Sunday, July 17, 2016

Why are you running so slow?!

Alternately titled, what is HRT and why are you doing it?

The marathon distance intimidates me.  But that is all the more reason I signed up to do one.  Once upon a time the idea of lacing up my shoes and leaving the house at all intimidated me.  And here we are!

I have followed quite a few AMR training plans.  I enjoy the books, I enjoy the podcasts and I have been super happy with the intelligent, easy to understand plans they have put together.  So when I listened to the intro podcast with MK, it seemed only natural that I'd at least check it out.

Fun fact: I have a tattoo on my left wrist of a compass.  I got it last summer after a lot of thought about what and where I wanted it.  Ultimately I decided on a compass because it reminds me to keep exploring.  Exploring myself, exploring new things and new places.  One thing I am proud of myself for is that I am willing to try new things.  I enjoy learning something new.  If I hadn't been open to trying new things, I never would have started running.  This is in line with why I've decided to pursue a marathon distance and why I chose HRT to do it.  They are both total unknowns to me.  I trust AMR and was willing to try something brand new.

A brief overview - basically, my runs are primarily time based, not mile based.  I have to keep my heart rate under 140 beats per minute (I have a little cushion, up to 142) and that's that.  It is obviously way more complicated than that and I really recommend the HR 101 podcast that AMR put out if you're curious.  But those are my general focus on a run.  I have a warm up that I do, and some strength training moves afterward.  Some runs have accelerators and pick ups in them and I do those as instructed.  It's not perfect, I don't always do all of the things all of the time but more often than not I am doing what I should be.

I drank the kool-aid, I listened to the podcasts and I settled in.  If I am going to do this, I am going to do it all the way.  I dropped pace from the display on my watch, and now only run with my HR and time displayed.  That helps tremendously.

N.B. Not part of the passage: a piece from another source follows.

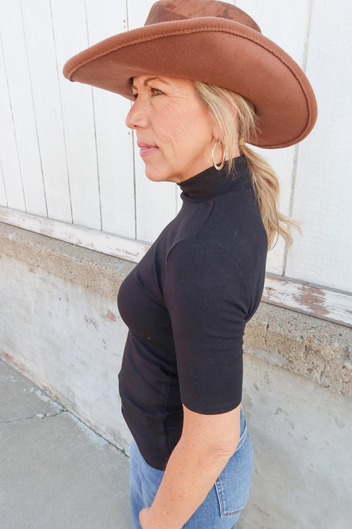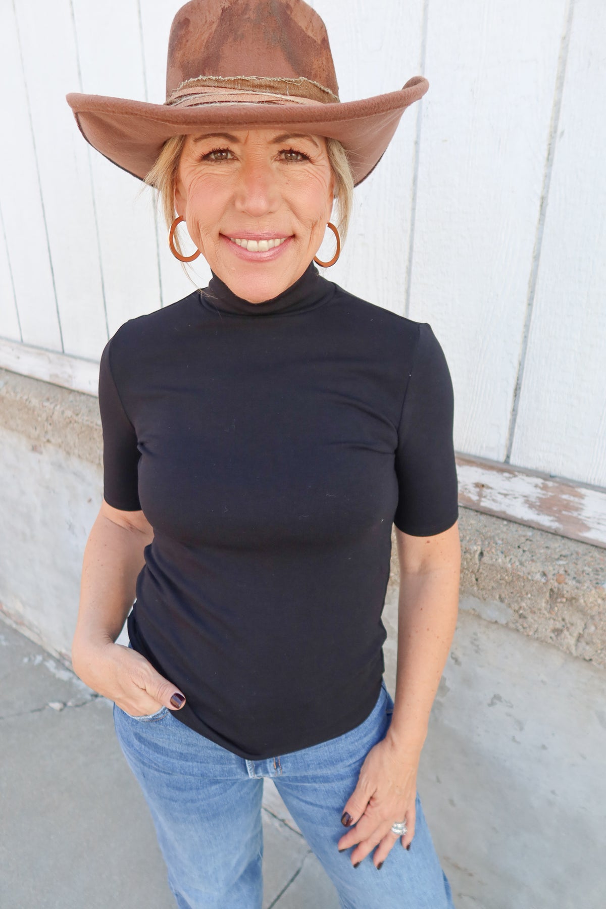 Experience cozy elegance with this Black Ultra Soft Short Sleeve Turtle Neck Top. Perfect for fall, its super soft fabric offers comforting warmth while the classic turtleneck design adds a touch of chic sophistication. This cute top pairs effortlessly with your favorite layers, making it a versatile staple for cooler days. Elevate your wardrobe with comfort and style in one flattering piece.

There are times where I hate the whole thing.  There are times when I want to quit and tell my HR to shove it.  And then I look at my week.  I've run 5 days consistently for the last 8 weeks, I am getting up early in the morning to run. I just keep getting up and doing it.  I am uninjured, I am not flat-out on my back exhausted all the time and more and more I am running instead of shuffling.  My long run yesterday was 2 hours and 48 minutes or 14 miles, whichever comes first (confession: it wasn't 14 miles).  I finished that, and was still able to be engaged and present with my family.  Which means chasing a toddler - in the past, a run that long would have put me down and out for the afternoon.

My wave of training isn't even halfway there yet and I am so curious as to what the next 11 weeks will bring.